- _ACTION ITEM_
Transcribe exactly the line with "Define the action" and each line that follows it in the listing, down to the last, omitting all pictures.

- _INPUT DATA_
────────────────────
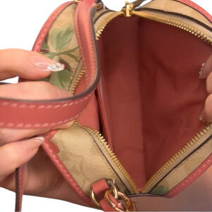This elegant Coach bag features a beautiful floral design in pink and beige. Perfect for adding a touch of sophistication to any outfit.
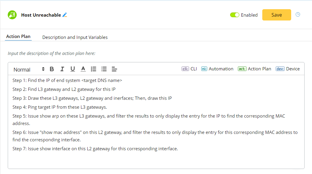 Define the action plan to troubleshoot a reachable issue. Use a bracket when describing the input of variables.
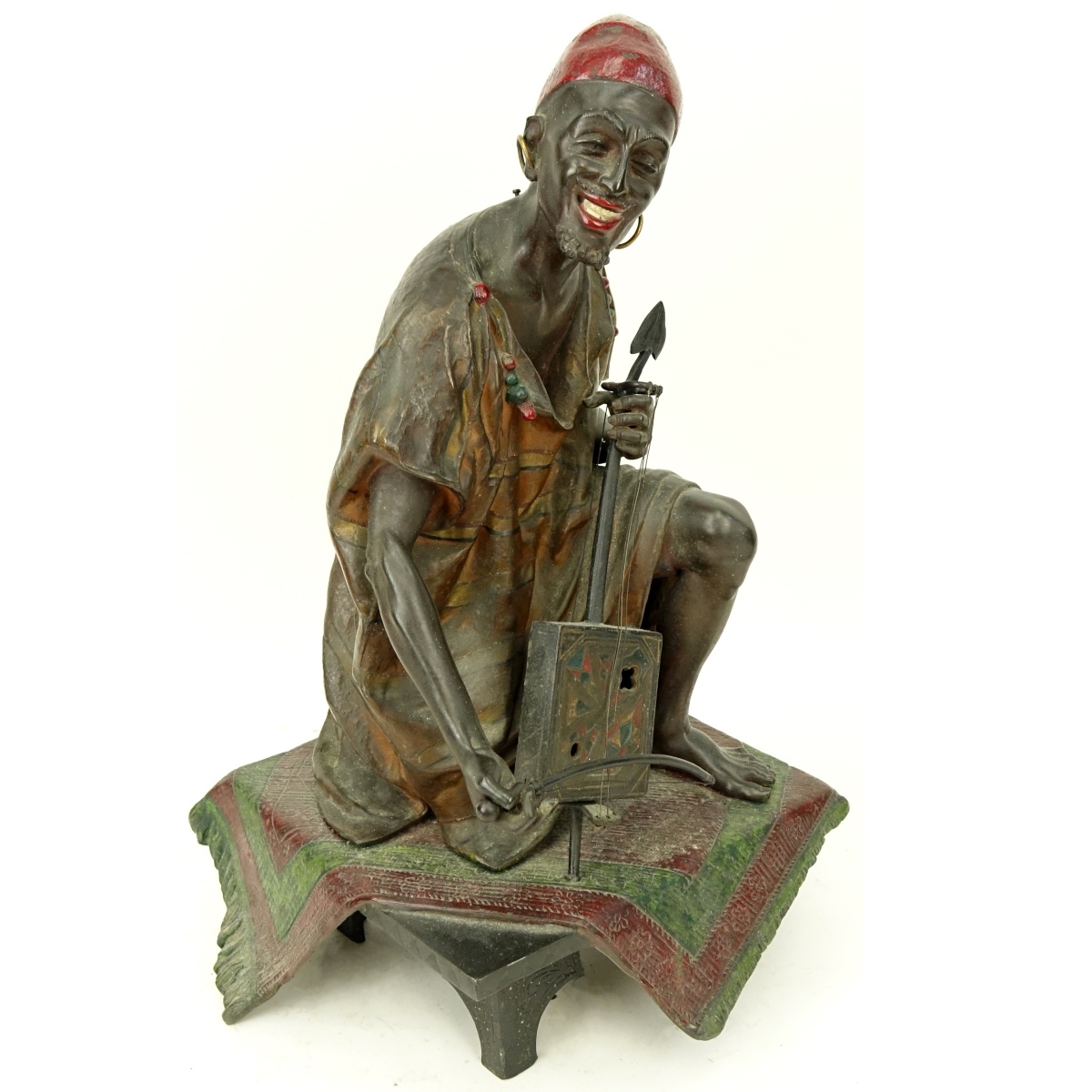 19th Century Orientalist French Polychrome Spelter Arab Musician. Unsigned. Measures 17-7/8" H. Condition: Rubbing, loss to carpet on obverse side Estimate: $300.00 - $500.00 Domestic Shipping: Third party
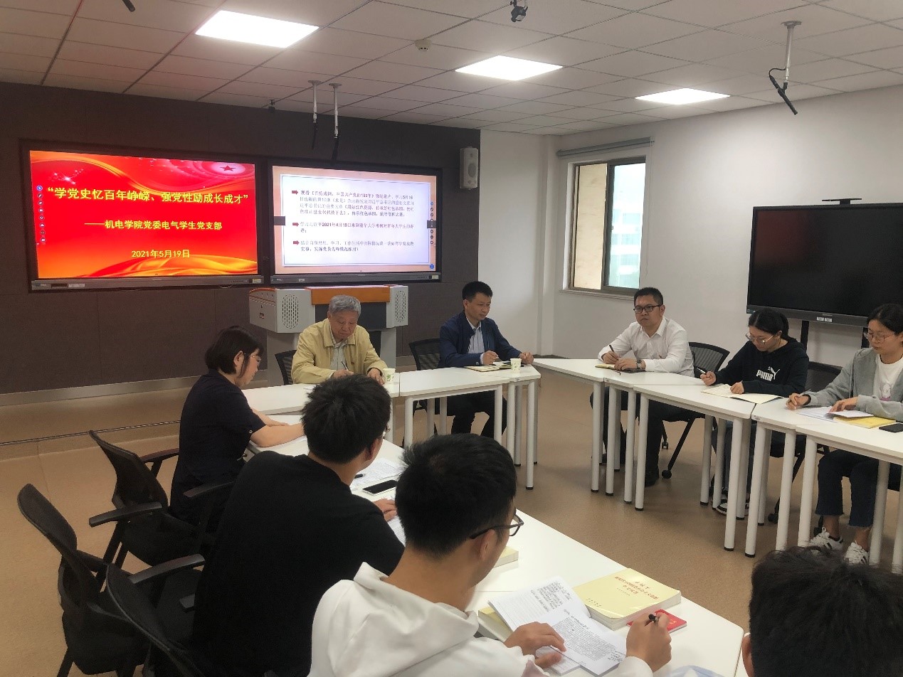 会上,刘利娟汇报了电气学生党支部开展党史学习教育的情况,带领支部党员学习了习近平总书记近期重要讲话和指示批示精神,观看了《百炼成钢:中国共产党的100年》微纪录片。电气学生党支部党员围绕“学党史,办实事”主题,联系自身实际,从班级班风建设、安全稳定、疫情防控、学风建设、志愿帮扶、就业、科技创新等方面,就如何发挥党员先锋模范作用进行了交流发言。
────────────────────
- _SOLUTION TO THIS PROBLEM_
 Define the action plan to troubleshoot a reachable issue. Use a bracket when describing the input of variables.
 19th Century Orientalist French Polychrome Spelter Arab Musician. Unsigned. Measures 17-7/8" H. Condition: Rubbing, loss to carpet on obverse side Estimate: $300.00 - $500.00 Domestic Shipping: Third party
 会上,刘利娟汇报了电气学生党支部开展党史学习教育的情况,带领支部党员学习了习近平总书记近期重要讲话和指示批示精神,观看了《百炼成钢:中国共产党的100年》微纪录片。电气学生党支部党员围绕“学党史,办实事”主题,联系自身实际,从班级班风建设、安全稳定、疫情防控、学风建设、志愿帮扶、就业、科技创新等方面,就如何发挥党员先锋模范作用进行了交流发言。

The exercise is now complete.